Kunst und Religion zou opgevat kunnen worden als Stirners uiterst venijnige kritiek op Bruno Bauers: Hegel’s Lehre von der Religion und Kunst (1842). Daarin werd Hegels driedeling kunst-religie-filosofie omgegooid en de kunst in nauw verband gebracht met de filosofie. In de kunst werd de religie immers ontmaskerd als “vervreemding” waardoor de kunst volgens Bauer beschouwd moest worden als een fase in de opheffing van de “vervreemding”.[1] Stirner daarentegen, behandelde de kunst opnieuw in nauwe samenhang met de religie. Daardoor radicaliseerde — en ridiculiseerde — hij Bauers kritiek van de religie tot die uiteindelijk ook het hegelianisme en Bauer zélf behelsde. Toch is deze tekst ook los van zijn ideeënhistorische context uiterst helder en lezenswaardig.
Zo gaat ze indirect in op het cyclische verloop van de kunst en dus op de wijze waarop ze markten openbreekt en opnieuw insluit. Bovendien problematiseert ze de mogelijkheid van de kunst om te breken met het paradigma van de “voorstelling”. Toch proberen we Stirner daarmee allerminst een plaats te geven binnen de genealogie (nà Hegel en vóór Nietzsche) van de “kunstfilosofie”. Binnen de kunstfilosofie staat het onderzoeksobject immers nooit ter discussie, wordt er doorheen onderzoek en contemplatie uiteindelijk alleen maar meer legitimiteit aan verleend, wordt de kunst als het ware productief gemaakt. Kortom, geflankeerd door de kunstfilosofie laat de kunst zich moeiteloos inschrijven in Richard Florida’s notie van de “creatieve economie”.[2] De kunstenaar en kunstfilosoof als leden van een zogenaamde “creatieve klasse” die doorheen een “bohemische index” (het aandeel van “creatievelingen” in de beroepsbevolking) zorgvuldig in kaart gebracht wordt en vervolgens het onderwerp uitmaakt van stedelijke beleids- en actieplannen. De kunstenaar en kunstfilosoof voorzien “de creatieve economie” keer op keer van nieuwe actievelden van waaruit de voortschrijdende commodificering overschouwd kan worden. Kortom, de kunstenaar en kunstfilosoof leveren, net als de moderne manager met zijn “creatief” organisatie- en commando-talent: “innovatieve arbeid”.
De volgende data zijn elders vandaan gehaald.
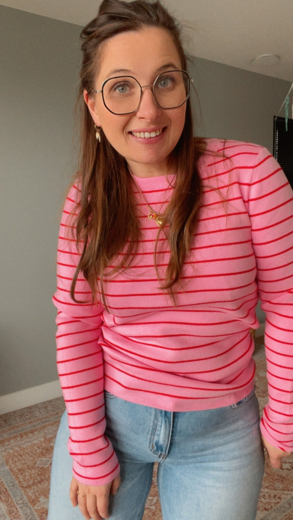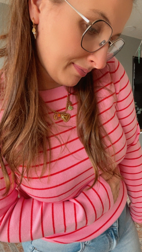 Lot oversized stripe longsleeve roze/ecru dames
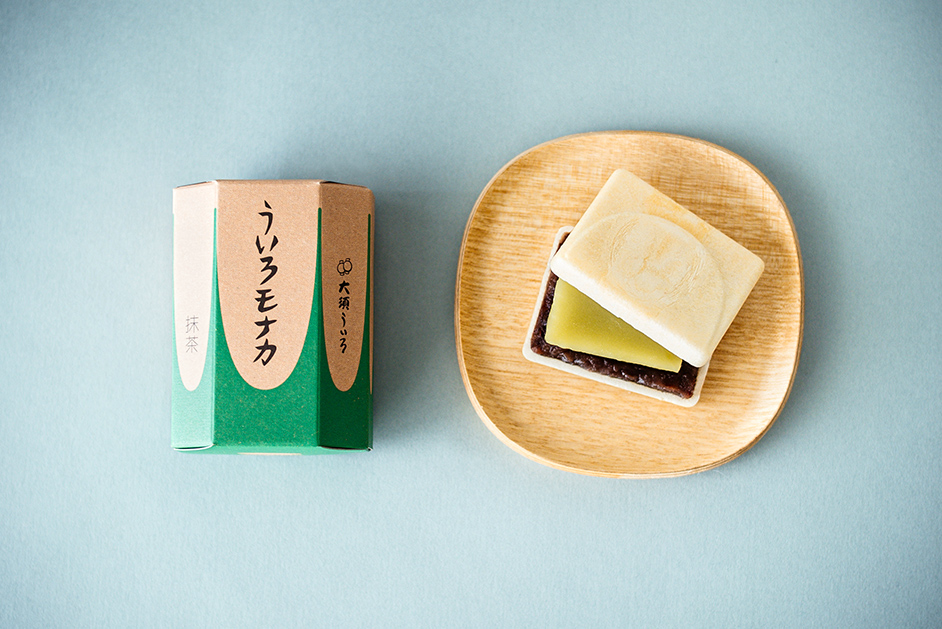 レトロな趣のロゴと八角柱のBOXがかわいい「ういろモナカ」も、新しいスタイルのういろとして考案されました。味わいは全3種。深いグリーンが印象的なこちらは、抹茶ういろのモナカ。米粉の甘みと抹茶の爽やかな風味を生かしたういろは、もちっとした優しい口当たり。じっくりと炊きあげたあんこ、サクッと香ばしいモナカ皮の異なる食感を楽しみながら、三位一体のおいしさを堪能できます。モナカ皮にあんことういろを自分で挟んで味わう、食べるまでのプロセスも楽しんで。

Indien de kunstfilosofie het actieterrein en de afzetmarkten van de kunst helpt uitdiepen of verbreden, dan is de kritiek van de kunst niet zozeer een kritiek van de kunst, maar probeert ze als het ware buiten de kunst te treden, zich te onttrekken aan de almacht van de kunst. Op gelijkaardige wijze probeerde Stirner zich in Kunst und Religion aan de almacht van de (hegeliaanse) filosofie te onttrekken.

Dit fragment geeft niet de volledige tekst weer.